Neutrinos are everywhere – trillions of the almost massless particles pass through your body every second – but they are notoriously difficult to attach, especially the rare high-energy ones from deep space. Only about a dozen of these cosmic neutrinos are discovered annually, and scientists had only linked one to its source. Now IceCube, the kilometer-wide neutron detector located deep below the South Pole, has traced another back to its distant birthplace: a supermassive black hole tearing a star to pieces in a galaxy 750 million light-years away.
“It’s a very exciting story, if this is correct,” said Tsvi Piran, a theorist at the Hebrew University of Jerusalem who was not involved in the study. The discovery suggests that these rare tidal disturbance events (TDEs) could be a major source of high-energy neutrinos and cosmic rays – other deep space visits whose origins have been a mystery.
The only way to spot neutrinos is to wait for something to hit. They do not often interact with matter, but very rarely do they collide head-on with an atomic nucleus, producing a soda of waste particles. when these particles subside, they emit a flash of light. To increase the chances of detecting these collisions, scientists need a huge amount of substance. IceCube fishes for them using a series of more than 5,000 photon detectors arranged in strings and sunk into 1 cubic kilometer of Antarctica. From the flash’s arrival time and brightness to each detector, scientists can calculate the direction a neutrino came from and whether its source is nearby or in deep space.
In 2017, IceCube discovered a long-lasting neutrino linked for the first time to an identifiable source: a superlight galaxy known as a blazar. Such galaxies contain lush, supermassive black holes in their centers; the matter they suck in burns so hot that it can be seen all over the universe. The process also creates a jet of high-velocity matter believed to be pointed directly at Earth.
On October 1, 2019, a flash in the detector revealed another likely deep candidate. As they do a few dozen times each year, IceCube scientists sent an alarm so astronomers could scan the sky in the direction of the arriving neutrino. A California telescope, the Zwicky Transient Facility, swung into action and found that it was a TDE, a supermassive black hole that tears art, a nearby star, the team reports today in Natural astronomy. “When we saw that it could be a TDE, we immediately went ‘Wow!'”, Says lead author Robert Stein from the DESY Particle Physics Laboratory in Germany.
TDEs remain something of a mystery; fewer than 100 have been seen so far. When a star orbits close to a supermassive black hole, the intense gravity distorts its female – just like Earth’s tides on steroids. If it gets too close, gravity can tear the star up with half of its mass drawn into a hot light disk around the black hole, and the rest fly outward in a long streamer. It’s a process similar to what drives a blazar, but only lasts a few months. By cturing a neutrino from TDE, the team has now found evidence that TDEs can also feed a short-lived particle beam from the black hole, like a blazar burp.
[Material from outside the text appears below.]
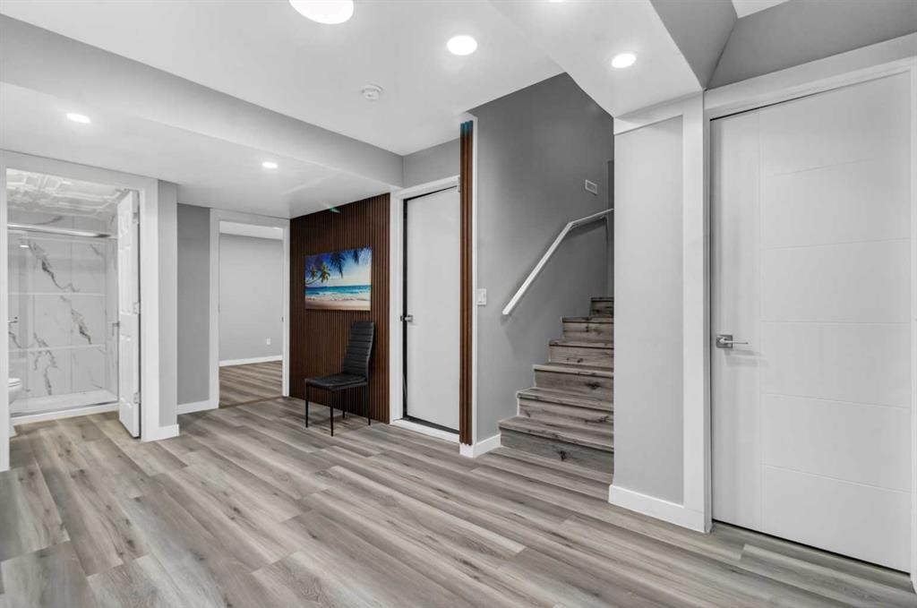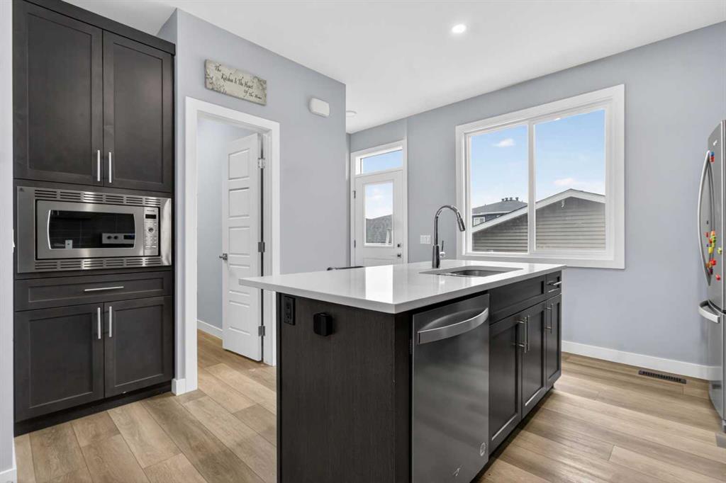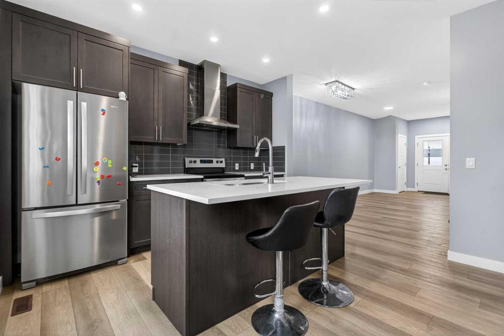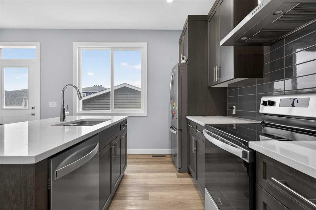 BEST PRICE FOR DETACHED with 2-CAR GARAGE, FINISHED BASEMENT with SEPARATE ENTRANCE and DECK | Welcome to 124 Chelsea Glen, a modern and spacious 5-bedroom, 3.5-bath home built in 2022 in the family-friendly community of Chelsea. This bright two-storey offers an open-concept main floor with a stylish kitchen, quartz countertop, ample cabinetry, pantry, large island for meal prep, half bath, and a bonus room, perfect for guests or a home office. The upper level offers three bedrooms, including a primary suite with a 3-piece ensuite, along with two additional bedrooms, a full bathroom, and convenient upper-floor laundry. The fully finished basement adds outstanding versatility with two more bedrooms, a full bathroom, and dedicated storage space, making it ideal for extended family or future potential. Outside, enjoy a large back deck, low-maintenance yard, and an oversized double detached garage with extra parking. Located in the desirable Chelsea neighborhood, you’re close to schools, parks, pathways, shopping, Chestermere lake and all the amenities Chestermere has to offer. Start your next chapter in Chestermere—reach out now to view this beautiful home.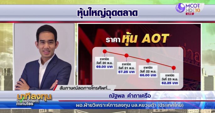 AOT ราคาปรับลงมาซึมซับข่าวลบไปเรียบร้อยแล้ว วันนี้หากมีการ Forced Sell บ้าง เชื่อว่าน่าจะเป็นชอตสุดท้ายของขาลง ใครมีแนะนำไม่ต้องขาย ให้ถือต่อ

This particular TDE was not new to astronomers. It had been discovered on April 9, 2019 by the Zwicky study and called AT2019dsg. The fact that this still supplied a neutrino-filled jet 150 days later was a surprise. “We could see that the source was really active, with a central engine running it for a long time,” Stein says.
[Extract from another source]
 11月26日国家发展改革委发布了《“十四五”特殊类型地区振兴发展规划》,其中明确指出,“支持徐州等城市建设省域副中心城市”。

Astrophysicists do not understand exactly how growing black holes drive these particle rays. But with two cosmic neutrinos now traced to them, jets emerge as a primary competitor to explain neutrinos in depth that precede neutron stars and stellar explosions. Jet is considered to produce neutrinos in the same way that particle physicists artificially produce neutrinos on Earth: with a high-energy beam of protons (the beam) that melts into surrounding material, explains co-author Suvi Gezari of the Space Telescope Science Institute, who first discovered AT2019dsg. “For TDEs to emerge as a likely site for neutrino production is very exciting,” she says.
This could be an important clue in another mystery to astrophysicists: the source of ultra-high-energy cosmic rays, particles like protons that zipper around the cosmos and bombard the Earth’s atmosphere daily. Making neutrinos requires acceleration of protons to high energy, Piran says, so that TDEs could produce the cosmic rays at the same time.
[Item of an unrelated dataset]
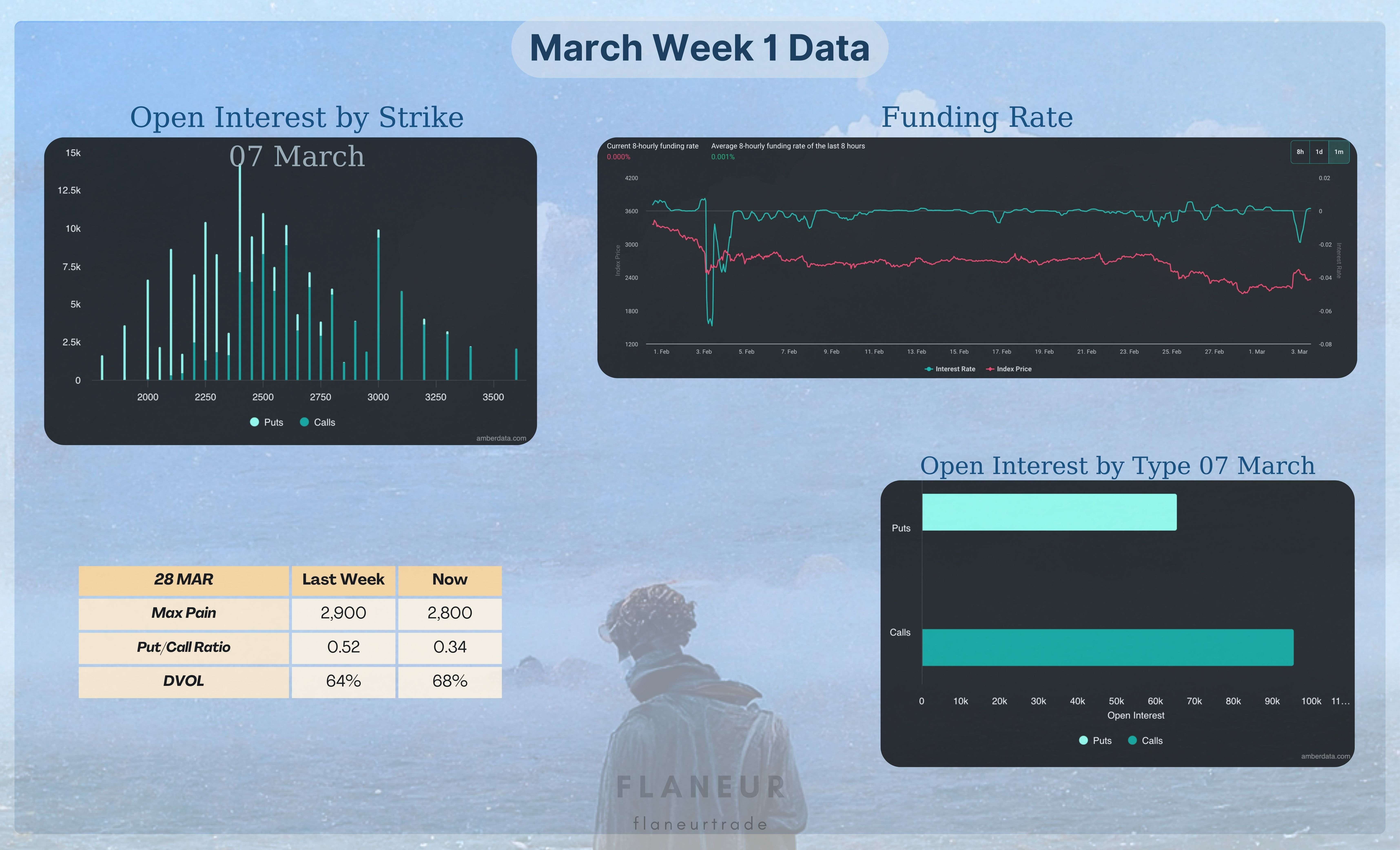 Per il 28 marzo, sono stati acquistati contratti per un valore di 2 miliardi di dollari, con il prezzo Max Pain a $2800. Il rapporto Put/Call a 0,34 indica aspettative molto ottimistiche. Il DVOL mostra un aumento del 68%.

But Piran says there is some caution. Neutrino and TDE are only related to their position in the sky, and IceCube’s corrections are not very accurate. Stein admits that there is one in 500 chance that it is a random coincidence. Such odds will not impress particle physicists, who usually require the probability of one in several millions to require a discovery. “We will have to wait and see if there are more events,” says Stein. “I wish they had found two neutrinos,” says Piran, “then we would be in business.”